Everyone wants to enjoy some level of comfort in retirement, to be able to make the most of our later years without having to worry too much about meeting our bills. 

However, the reality is that many of us are not putting aside enough to do so, with recent analysis highlighting significant increases not only in the sums needed for a basic retirement, but particularly for those dreaming of some level of luxury once they give up work. 


While this presents a challenge for savers in achieving the necessary pension pots, it should also be viewed by intermediaries as an opportunity to build stronger, long-lasting relationships with clients. 

How much is needed for a comfortable retirement? 

The Pensions & Lifetime Savings Association (PLSA) has established definitions for three levels of financial stability in retirement – minimum, moderate and comfortable – as well as the sums needed to achieve those respective levels. 


The minimum, as you would expect, is a pretty frills-free experience for the saver. They would have enough to cover their basic needs, and with a little left over for treats on top, such as eating out once a month and an annual holiday within the UK. 

For a single person, the PLSA reckons savers would need to enjoy an annual income of around £14,400 for a minimum level of comfort in retirement, while couples need £22,400. 

A moderate level of stability means enjoying more stability and flexibility, including a foreign holiday every year and the ability to eat out multiple times each month, as well as pursue hobbies. 


At this level, the PLSA calculated a single person would need to enjoy an annual income of £31,300, while a couple would need to receive £43,100. 

Finally, there is the comfortable level, which would allow the savers to be more spontaneous with their cash. As a result they could have not only a foreign holiday but several minibreaks across the year, alongside things like streaming service subscriptions, regular beauty treatments and the like. 
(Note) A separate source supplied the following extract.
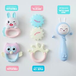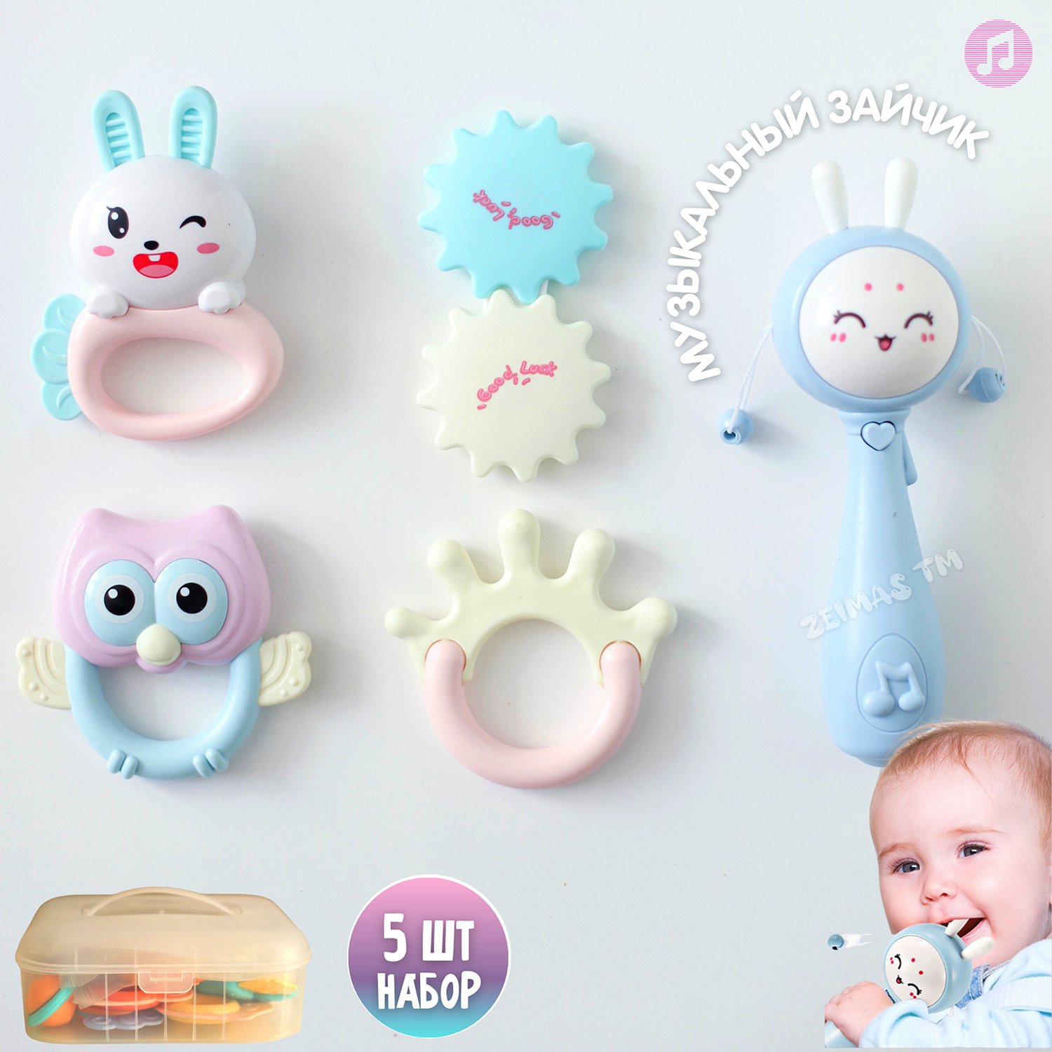 Набор игрушек для малышей Zeimas Погремушка и прорезыватель 5 шт с музыкальным зайчиком в кейсе 6BNRATTLE/зайчик

That spontaneity comes at a price though, with single savers needing £43,100 per year, and couples requiring £59,000. 

The rising cost of retirement 

What’s so interesting about these figures isn’t necessarily the numbers themselves, but the trends behind them. Because the required sums for each level of retirement have grown substantially over the last year as a result of high inflation and cost of living pressures. 

The amount needed for a basic level of comfort for a single person has jumped £1,600 in the last year for example, while for moderate it has risen by £8,000. 

As food prices and energy bills have grown, so too have the sums needed in order to have some level of stability in retirement. 

Opening the door for advisers 

Analysis like this from the PLSA should be seen as representing a real opportunity for advisers. While the PLSA’s calculations are only ever going to be illustrative, they do a good job of showcasing just how much needs to be put aside if we are to be able to do more than simply cover the bills in our later years. 

As a result, they can be a powerful tool for advisers in highlighting not just the importance of retirement saving, but of effective retirement planning through the use of a qualified adviser. 

After all, anyone can blindly open a pension and contribute to it regularly, but there is no guarantee that doing so will leave the saver with much of a pot once they leave the workforce. 

It’s only with the guidance of a proper financial adviser that the saver can be confident about their long-term pension planning, that their money is invested in the right assets for their future, and that the plan will be adapted as they near retirement. 

This is an important message for advisers to get across to their clients, to educate them not only on how crucial it is to get into the pension saving habit but the tactics to employ to ensure that a sufficient amount is saved. 

What’s more, the nature of pension saving and the need for regular reviews offers the adviser the chance to build a long-lasting relationship with the client, boosting the chances of them coming back to the adviser for their other financial needs, from mortgages to protection.